Task to complete:
Locate the line bearing "Bhutan Road Map With Distance" in the material below, then reproduce it and each following line up to and including the line bearing "Sehr weiche, kuschelige".

Given entries:
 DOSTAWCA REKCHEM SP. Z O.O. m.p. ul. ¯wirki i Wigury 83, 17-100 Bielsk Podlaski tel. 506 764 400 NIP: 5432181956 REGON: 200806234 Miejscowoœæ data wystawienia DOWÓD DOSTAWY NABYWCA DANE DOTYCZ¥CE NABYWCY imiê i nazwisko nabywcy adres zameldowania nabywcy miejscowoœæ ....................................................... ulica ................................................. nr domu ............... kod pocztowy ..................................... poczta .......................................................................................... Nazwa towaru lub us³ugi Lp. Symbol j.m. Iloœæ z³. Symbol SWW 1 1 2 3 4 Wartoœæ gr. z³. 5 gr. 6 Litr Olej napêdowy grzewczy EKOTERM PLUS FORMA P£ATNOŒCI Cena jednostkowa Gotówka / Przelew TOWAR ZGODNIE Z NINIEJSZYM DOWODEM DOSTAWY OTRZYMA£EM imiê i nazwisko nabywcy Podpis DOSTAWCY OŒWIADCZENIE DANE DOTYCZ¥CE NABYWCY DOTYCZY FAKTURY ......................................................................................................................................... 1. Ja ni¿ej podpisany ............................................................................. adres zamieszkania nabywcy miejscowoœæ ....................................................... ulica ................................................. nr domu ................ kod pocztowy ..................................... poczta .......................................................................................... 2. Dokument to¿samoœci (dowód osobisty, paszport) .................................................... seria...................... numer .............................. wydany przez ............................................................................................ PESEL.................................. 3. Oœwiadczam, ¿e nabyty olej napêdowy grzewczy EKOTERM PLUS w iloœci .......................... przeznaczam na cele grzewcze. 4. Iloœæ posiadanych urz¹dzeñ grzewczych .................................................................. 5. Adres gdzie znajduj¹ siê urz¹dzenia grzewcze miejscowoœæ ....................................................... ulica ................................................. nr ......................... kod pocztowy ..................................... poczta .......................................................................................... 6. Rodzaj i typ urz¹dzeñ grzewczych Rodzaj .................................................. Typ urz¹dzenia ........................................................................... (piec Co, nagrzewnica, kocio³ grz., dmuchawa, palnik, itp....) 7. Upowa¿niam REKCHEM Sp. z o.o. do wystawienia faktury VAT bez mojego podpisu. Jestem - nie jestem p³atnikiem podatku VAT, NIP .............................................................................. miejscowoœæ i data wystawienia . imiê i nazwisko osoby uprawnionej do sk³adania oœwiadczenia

==

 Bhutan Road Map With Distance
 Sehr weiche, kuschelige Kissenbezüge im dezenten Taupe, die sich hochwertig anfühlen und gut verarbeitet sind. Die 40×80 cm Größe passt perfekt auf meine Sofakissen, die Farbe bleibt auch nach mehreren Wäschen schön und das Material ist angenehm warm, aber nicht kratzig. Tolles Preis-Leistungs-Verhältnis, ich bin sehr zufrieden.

---

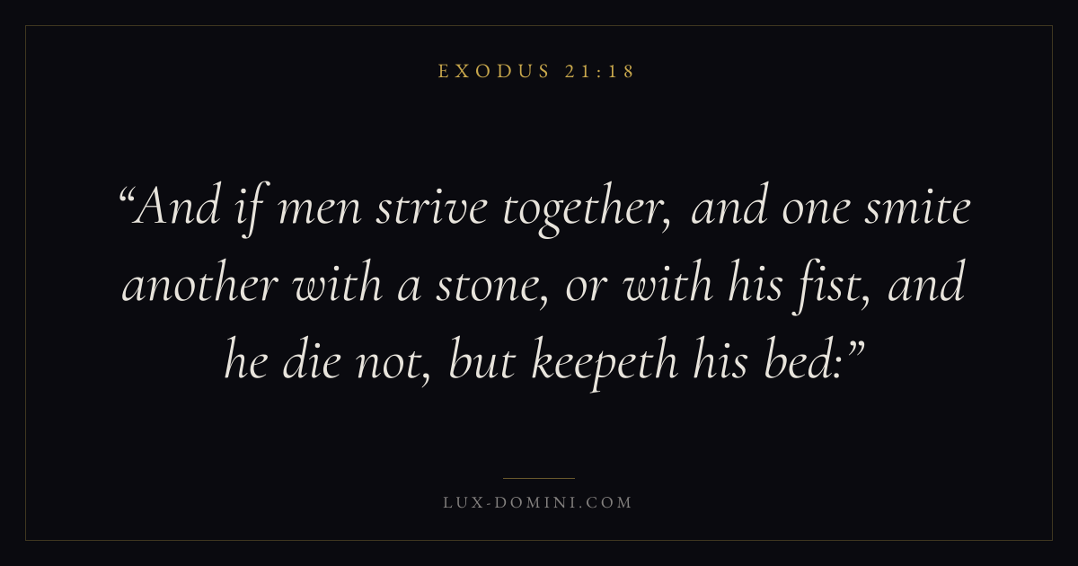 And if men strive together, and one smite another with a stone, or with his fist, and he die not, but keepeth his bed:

Response area:
 Bhutan Road Map With Distance
 Sehr weiche, kuschelige Kissenbezüge im dezenten Taupe, die sich hochwertig anfühlen und gut verarbeitet sind. Die 40×80 cm Größe passt perfekt auf meine Sofakissen, die Farbe bleibt auch nach mehreren Wäschen schön und das Material ist angenehm warm, aber nicht kratzig. Tolles Preis-Leistungs-Verhältnis, ich bin sehr zufrieden.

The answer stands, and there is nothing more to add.